### [Data below]
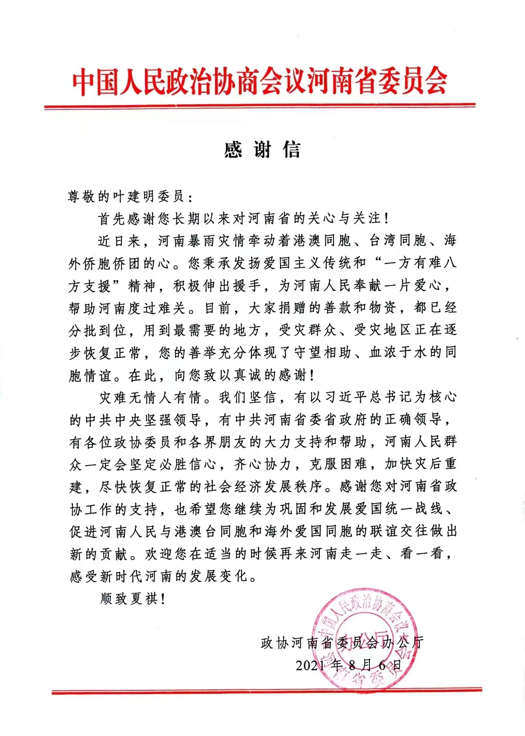 政協(xié)河南省委員會(huì)辦公廳向葉建明先生發(fā)來的感謝信
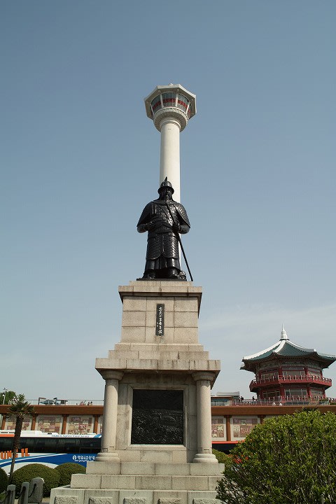 桟橋からのシャトルバスは実は2系統あったんですね。 ひとつはロッテホテルにある免税店へ直行するバス。 もう一本が龍頭山公園を経由してフェニックスホテル(チャガルチ市場の近くにあるホテル)へ向かうバス。 最初、桟橋に待っていたのは免税店行きのバスだったのですが、後から来たバスがフェニックスホテル行きとアナウンスされたので慌てて乗り換え... 最初の停車地"龍頭山公園"を目指します。 「龍頭山公園(ヨンドゥサンこうえん)は、大韓民国釜山広域市中区にある公園。龍頭山と呼ばれる丘が公園となっており、山頂部には釜山タワーがある。」 (出典:wikipedia) シャトルバスは20分ヘッドで運航されている(実は時間どうりには動けなかったようですが...)ということだったので、チャガルチへ直行するのをやめて公園で下車。 釜山最初の観光です。 まずは"李舜臣(イ・スンシン)将軍の像"
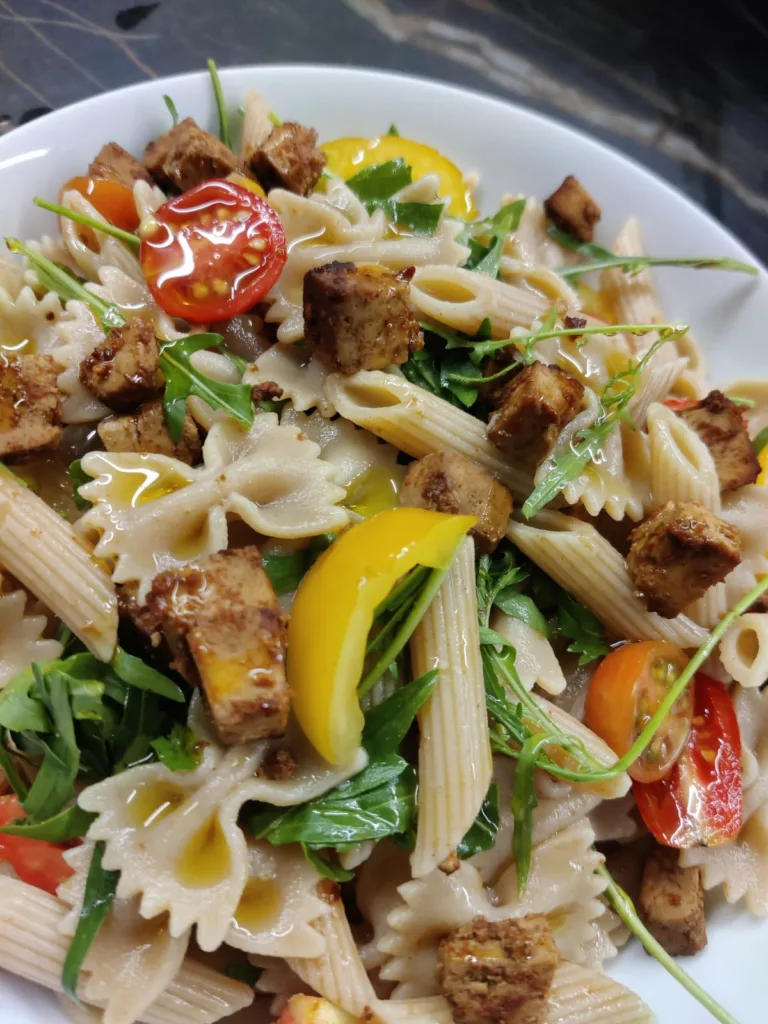 Se hai voglia di estate e un piatto di pasta fresca ma golosa, devi assolutamente provare questo piatto unico, a base vegetale e da fare con la mia fantastica ricetta del bacon tofu, una versione croccante e golosa!

### [What the exercise asks]
The entire listing is to be printed exactly, with each picture omitted.

### [Output of the task]
 政協(xié)河南省委員會(huì)辦公廳向葉建明先生發(fā)來的感謝信
 桟橋からのシャトルバスは実は2系統あったんですね。 ひとつはロッテホテルにある免税店へ直行するバス。 もう一本が龍頭山公園を経由してフェニックスホテル(チャガルチ市場の近くにあるホテル)へ向かうバス。 最初、桟橋に待っていたのは免税店行きのバスだったのですが、後から来たバスがフェニックスホテル行きとアナウンスされたので慌てて乗り換え... 最初の停車地"龍頭山公園"を目指します。 「龍頭山公園(ヨンドゥサンこうえん)は、大韓民国釜山広域市中区にある公園。龍頭山と呼ばれる丘が公園となっており、山頂部には釜山タワーがある。」 (出典:wikipedia) シャトルバスは20分ヘッドで運航されている(実は時間どうりには動けなかったようですが...)ということだったので、チャガルチへ直行するのをやめて公園で下車。 釜山最初の観光です。 まずは"李舜臣(イ・スンシン)将軍の像"
 Se hai voglia di estate e un piatto di pasta fresca ma golosa, devi assolutamente provare questo piatto unico, a base vegetale e da fare con la mia fantastica ricetta del bacon tofu, una versione croccante e golosa!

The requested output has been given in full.